You can imagine the comments from conservatives. "If they get more money for more babies, they will just keep having babies." That is the most common racist and sexist refrain. Never mind that no one would have an incentive to have another baby for $100 a month or that several studies demonstrate there is no incentive. Facts don't matter; just prejudices. If you find yourself agreeing with conservatives, follow the above link to the best study completed by the Center on Reproductive Rights and Justice at Berkeley Law (CCRJ).
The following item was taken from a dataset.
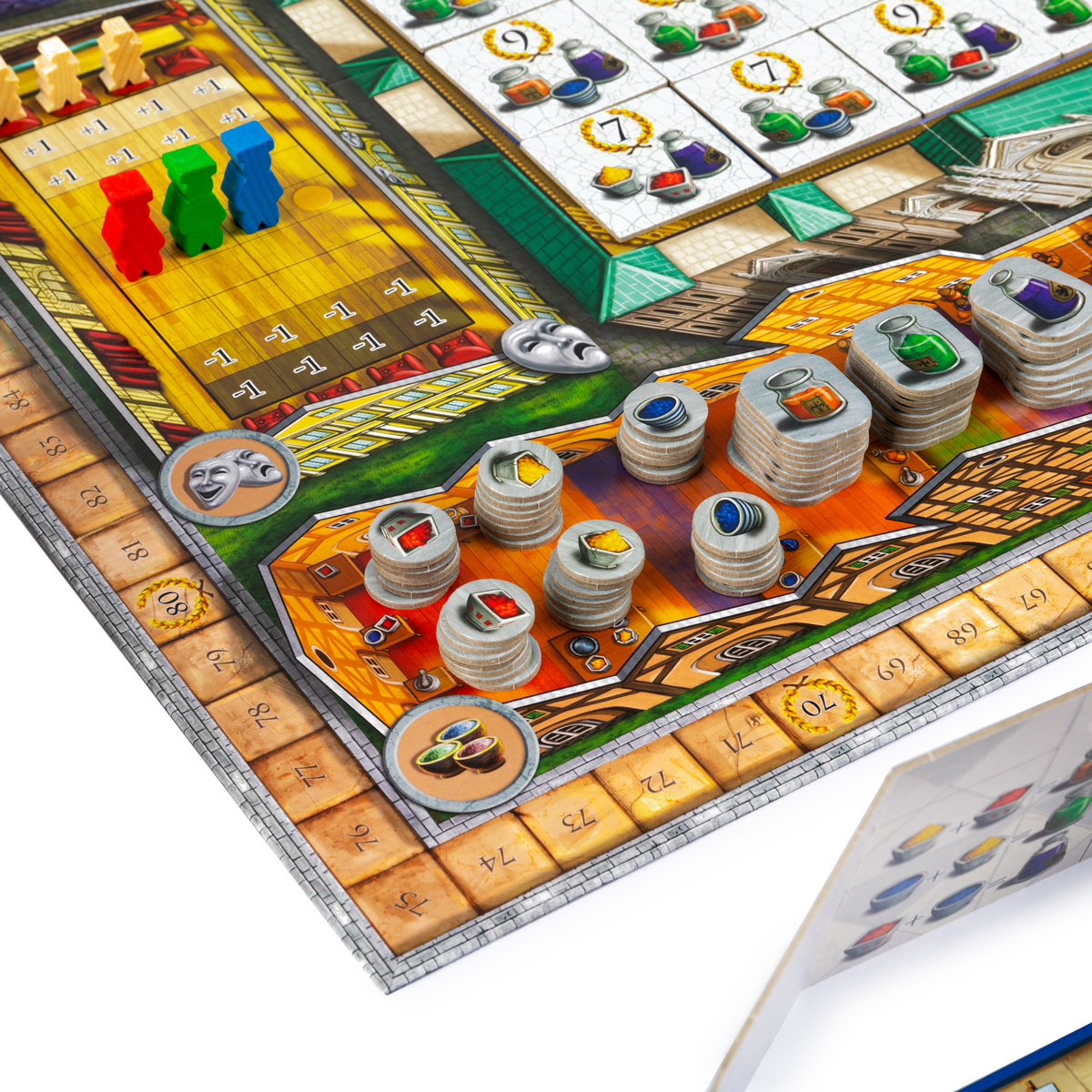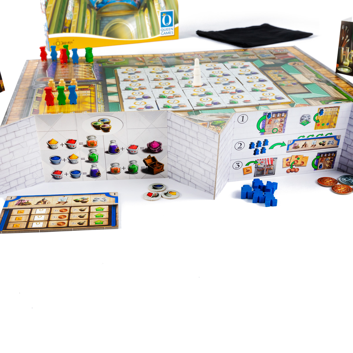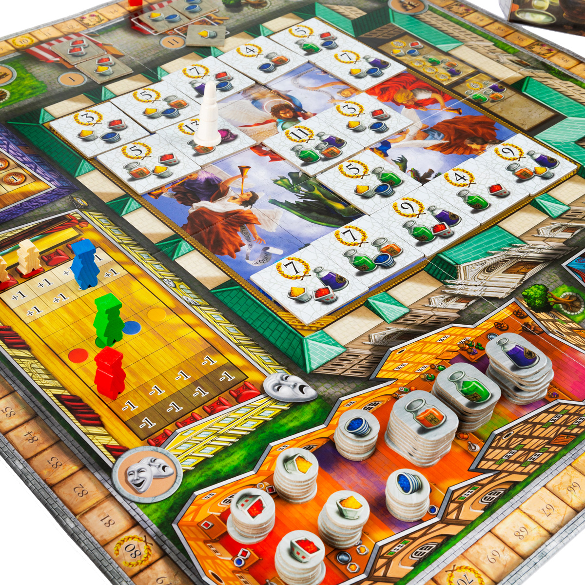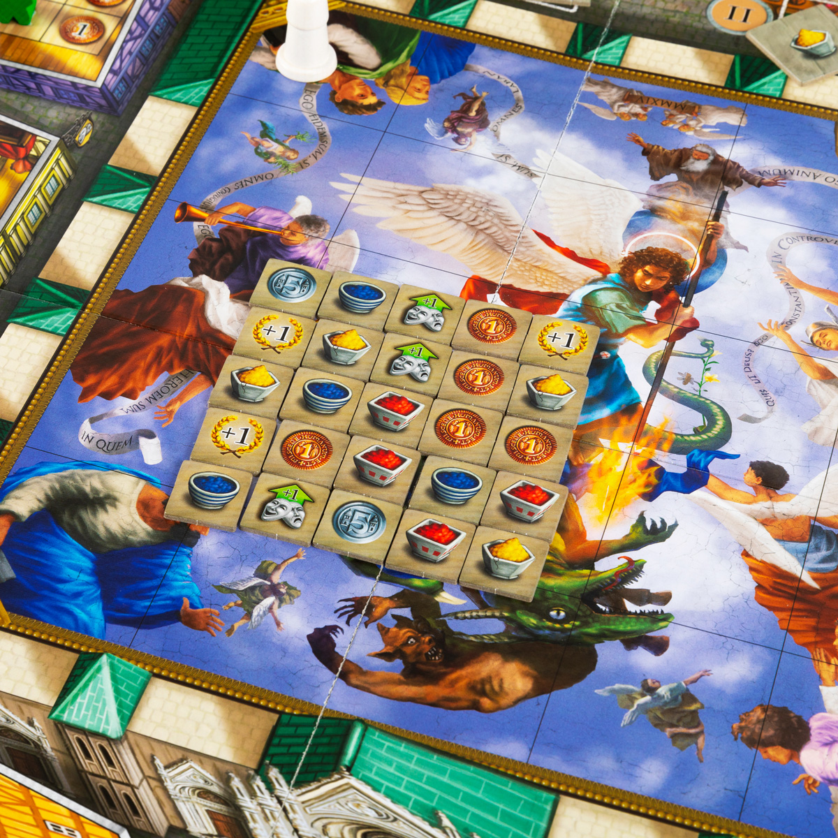 - Собор: Восстановить фрагмент фрески (сбросить нужные краски, получить очки и переместить епископа) или реставрировать алтарь (получить очки за набор цветов).

In an extremely well- documented study, the authors lay out the dubious assumptions underlying such prejudices. It is a good read.

The idea, that some people will have babies irresponsibly and therefore must have their reproduction controlled by authorities, can be traced back to the eugenics movement and the push to sterilize poor women at the beginning of the 20th century. Hitler was quoted as saying that Germans needed to study what America was doing in its sterilization program. Sterilization efforts continued way into the 1960s and 1970s. The Southern Poverty Law Center filed a lawsuit in 1974 demonstrating that between 100,000 to 150,000 sterilizations were occurring each year under federally funded programs. PBS' Independent Lens gave a poignant documentary about the impact of sterilizations on girls, some as young as nine. Yes, it is the case that capping the cash benefits when a recipient had another child is a far cry from sterilization. But it comes from the same thinking - that the state must control women's reproduction.

Meanwhile, slowly we are reversing the trend of punishing women for having children by reducing their cash benefits. Where there were 22 states capping cash benefits in the 90s, now there are only 14. We need to make it 0.